The updated guidelines reflect the addition of nearly 50 research studies including research carried out at University of Utah Health and Primary Children’s Hospital examining practices surrounding a range of medical conditions from seizures to hyperglycemia to intracranial hypertension. Active U of U Health faculty who contributed to this work include Gitte Larsen, M.D, MPH, professor of Pediatrucs, Eric Scaife, M.D., professor of Surgery, Douglas Brockmeyer M.D., professor of Neurosurgery, N. Clay Mann, Ph.D., professor of Pediatrics, Kevin Moore, M.D., adjunct professor in Radiology and Imaging Sciences, and Eliotte Hirschberg, M.D., associate professor of Internal Medicine.

This newest version guidelines include eight new, or revised, treatment recommendations for health care providers that range from the use of intracranial monitoring to the use of hypertonic saline to reduce acute brain swelling.

An executive summary of the guideline today published in the journals Pediatric Critical Care Medicine and Neurosurgery; the full guidelines are available via Pediatric Critical Care Medicine.

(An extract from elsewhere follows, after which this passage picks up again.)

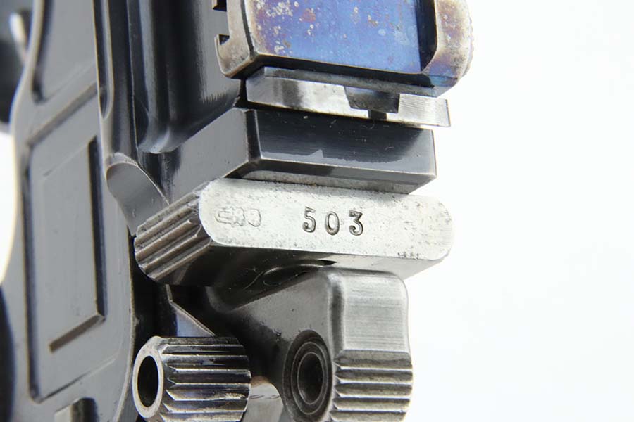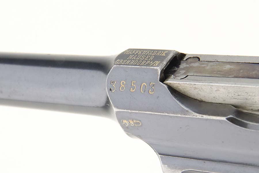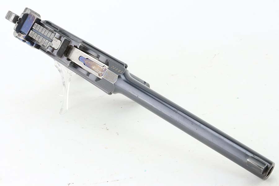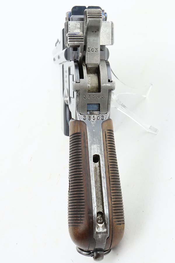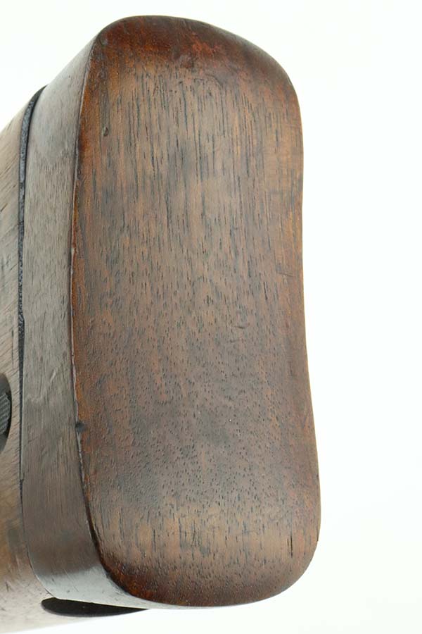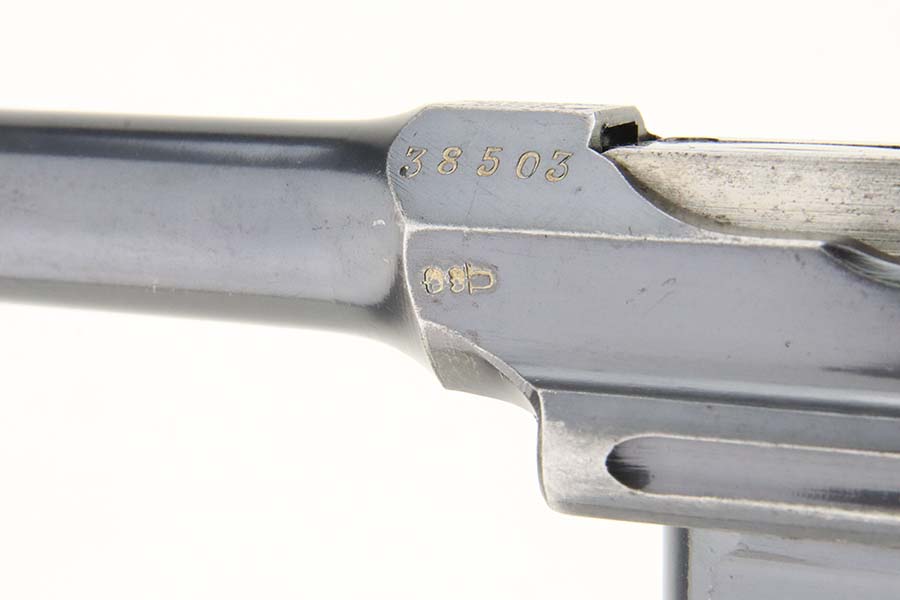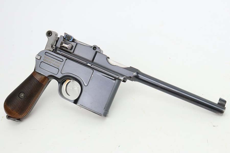 3/26/24 – This is an excellent and scarce Mauser C96 Broomhandle with rare “Von Lengerke and Detmold, New York” inscription on the left side of the frame – a company that was the sole distributor of the C96 Mauser in US at that time. The pistol is all matching and comes with a period-correct but mismatched wood stock. The gun itself has retained about 92% of its original bluing loss. The majority of the wear is on the grip straps, so the profile views are excellent – just minor high edge and muzzle wear. Excellent matching-numbered wood grips. The bore has good rifling, but there is light pin-pricking throughout.

“These guidelines are important because they standardize care and point out where research is lacking,” said co-author Susan Bratton, M.D., professor emeritus of pediatrics at U of U Health. She points out that head injuries are the most common cause of death among people ages 2 to 45. Over the years, the guidelines have helped establish that children with severe head injuries require different treatment than adults. “Children are not small adults and one thing the guidelines do is reflect that important fact.”

“The Brain Trauma Foundation’s severe brain injury management guidelines have been instrumental in improving care and reducing variability in care around the world,” says co-author and U of U Health neurosurgeon Gregory Hawryluk, M.D., Ph.D. “By some estimates implementation of the guidelines has reduced mortality from severe TBI by as much as 50 percent.”

An associated manuscript also published in Pediatric Critical Care Medicine, describes an algorithm designed to guide first and second tier therapies for infants and children with severe TBI. The tool, which supplements evidence-based recommendations in the updated guidelines, was created using a validated, consensus-based expert opinion process.

“We believe a combination of research findings and real-life experience will further advance the bedside care of infants and children with severe TBI, especially in treatment scenarios where scientific and clinical research is lacking,” said first author Patrick Kochanek, M.D., Professor and Vice Chairman of Critical Care Medicine and Director of the Safar Center for Resuscitation Research at the University of Pittsburgh. “This algorithm will also help to identify key research priorities to help ensure the ongoing momentum of consistent, high-quality care for patients across the globe.”

The original Brain Trauma Foundation Guidelines published in 2003 and were last updated in 2012. The 3rd edition was developed as part of the Brain Trauma Evidence-based Consortium based at the Stanford University School of Medicine. The Pacific Northwest Evidence-based Practice Center at OHSU managed the effort, which included experts from U of U Health, OHSU, the University of Pittsburgh, Boston Children’s Hospital, Phoenix Children’s Hospital, Children’s National Medical Center, the University of British Columbia, and Duke University.

This work was funded by the U.S. Army Contracting Command, Aberdeen Proving Ground, Natick Contracting Division. Prior editions were supported by funding from multiple sources through the Brain Trauma Foundation.